2
votes

I am reading csv in spark using below statement.

df = spark.read.csv('<CSV FILE>', header=True, inferSchema = True)

When I am checking in spark dataframe some of the integer and double columns are stored as string column in dataframe. However, this is not the case with all the columns.

I have checked the values of particular column and all the values are of double type but still spark is inferring as StringType.

Since I am loading CSV file with around 1000 columns it is not feasible to specify the schema explicitly as well.

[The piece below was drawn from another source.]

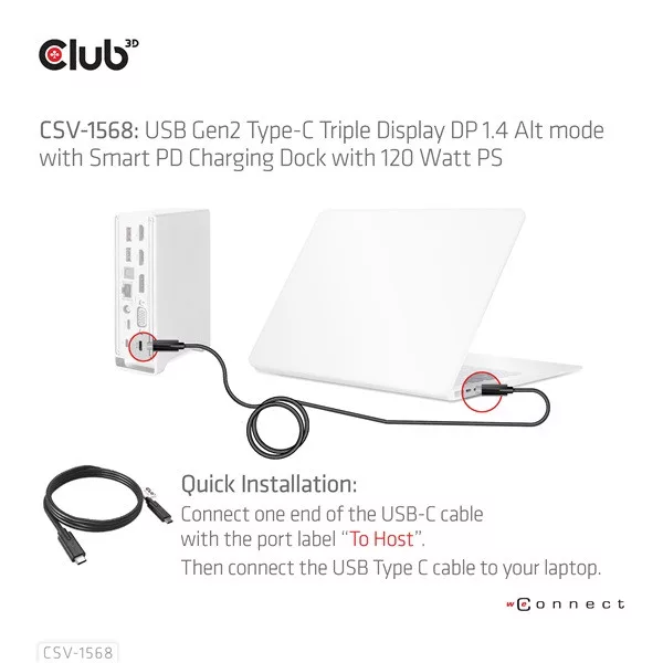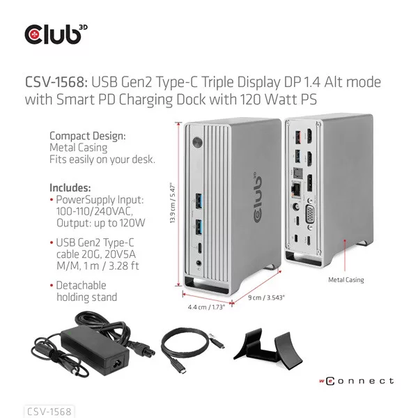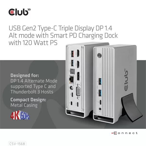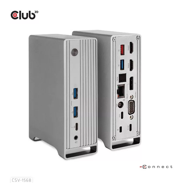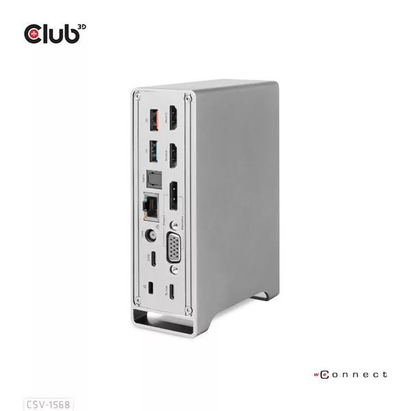 Club 3D Notebook Dokkoló - CSV-1568 (120W, Gen 2 USB-C to 4x USB-A, USB-C Gen 2, 2xHDMI, DP, VGA, RJ45, DC)
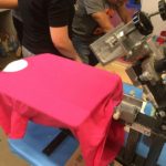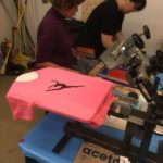 Durante las clases pasadas, los estudiantes preguntaron reiteradamente como se imprimía en textil, para complacer esta inquietud trajimos una maquina de imprimir camisetas y pudimos imprimir varios de los diseños en camisetas y otras prendas de vestir.

Any suggestions/help would be highly appreciated.

Regards,

Neeraj

1
You can just cast it later to your required datatype. df.withColumn("a", col("a").cast(DecimalType(10,2) ) or whatever.philantrovert
Please add sample data, which are not parsed correctlyT. Gawęda
I can cast the columns explicitly, but in order to do that I need to compare the 1000 columns with their actual datatype and data type in spark. However, I do not want to do this exercise because otherwise I need to do this time consuming exercise again and again. I can't append the sample data here. However, I have checked the column which contains all double values which it is taking as string. My double values have value upto 6 place decimal. will that be an issue. if yes how we can specify the decimal number while reading csv in spark.neeraj bhadani

1 Answers

0
votes

Considering the schema doesn't change mid-table (float will remain floats through the rows). You can write a small script to cast them automatically:

def isfloat(x):
    try:
        float(x)
    except :
        return False
    else:
        return True
line1 = df.head(1)[0]

df = df.select([c for c in df.columns if not isfloat(line1[c])] + [df[c].cast("float").alias(c) for c in df.columns if isfloat(line1[c])])

If you don't think there is enough information in the first line, you can do this

N = 10
def isfloat(c):
    try:
        [float(x) in c]
    except :
        return False
    else:
        return True
Nlines = df.limit(N).toPandas()
df = df.select([c for c in df.columns if not isfloat(Nlines[c])] + [df[c].cast("float").alias(c) for c in df.columns if isfloat(Nlines[c])])